How a quick decision turned into a global
de-facto standard.
Everyone working in the events industry is familiar with the term “Socapex”, sometimes shortened to “Soca” or “Soco”. Socapex is actually a French brand of industrial connectors, they make a many different types and today they are part of global connectors giant Amphenol.
In the mid-1970’s, the demand for ever-larger stage lighting systems increased but at the same time, they needed to be designed for quick and easy setup, using mainly untrained local crew. Running individual rubber cables to each individual light was very time consuming, prone to connection mistakes and the combined weight of these cables was also an issue.
Enter the multicore cable
The solution was to combine a number of cables into a single one and use a single connector at each end. This happened kind of simultaneously at a few innovative rental companies, each one had a particular choice of cable and connector type.
But the one that prevailed and became the ‘de facto’ standard was the brainchild of industry innovator Eric Pearce and his technical wiz Ed West at Showlites in the UK. In the mid-1970’s,they not only found a very suitable connector – the Socapex 419AR – but also a good cable, an 18 core PVC cable from Lapp Industries in Germany. This might seem trivial but it was a major step forward for the entertainment lighting industry.
The bar that launched a thousand lamps
Pearce and his team also invented the “6-lamp bar” – a 2.3m long aluminium pipe with six holes to mount lights and the cabling inside the pipe and terminated at 19-pin Socapex connector at one end. Fitted with six lightweight aluminium PAR64 ‘cans’ (invented and produced by Showlites’ competitor Light & Sound Design), this made the massive ‘PAR-can rigs’ of the 1980’s a reality.
Today the venerable PAR64 and its companion 6-lamp bar is almost gone but the “Socapex” connector is still going strong, now delivering the power needed by today’s intelligent lights.
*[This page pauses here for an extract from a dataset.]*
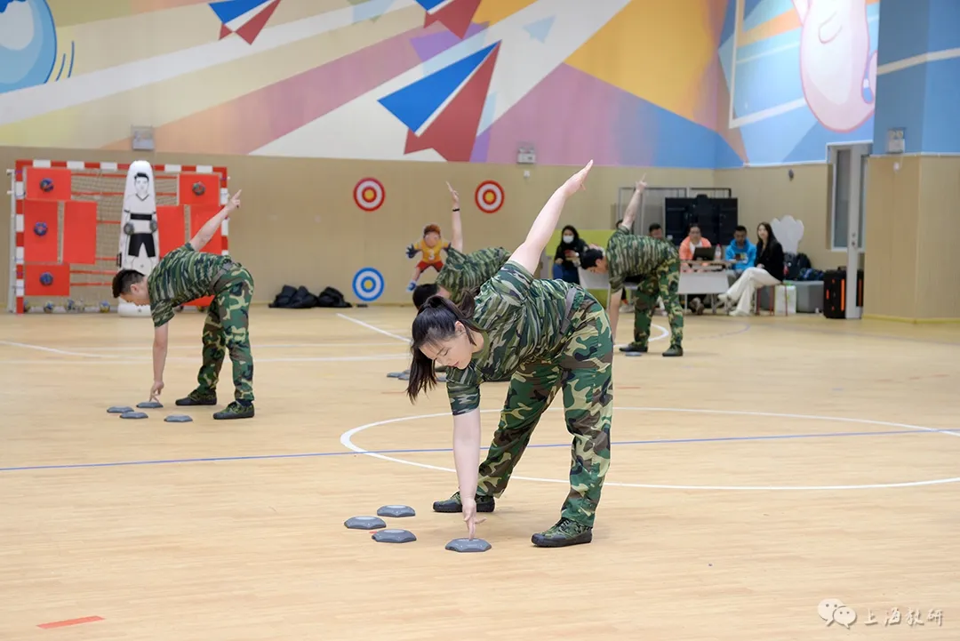 长宁区和浦东新区分别以“新兵入伍体能营,数字融合国防情”和“科技助力大单元,体能铸就小健将”为主题,进行了数字赋能下体能模拟教学的展示。

Socapex (now part of Amphenol) still makes their version but much improved versions are available from at least a dozen other manufacturers.
So, while other types of connectors exist (especially the ‘Harting’ type) on a global basis, the ‘Soca’ dominates. And to think this is a connector that was just discovered – not the result of a committee that was looking for the ideal solution. Unfortunately, since there is no written standard for the connector type, there is no guarantee that brand X connector will mate with brand Y. Sometimes the pins of one type is slightly too large in diameter for the sockets in other type.
And once in a while, a pair of connectors mate ‘for life’ – making it impossible to disconnect.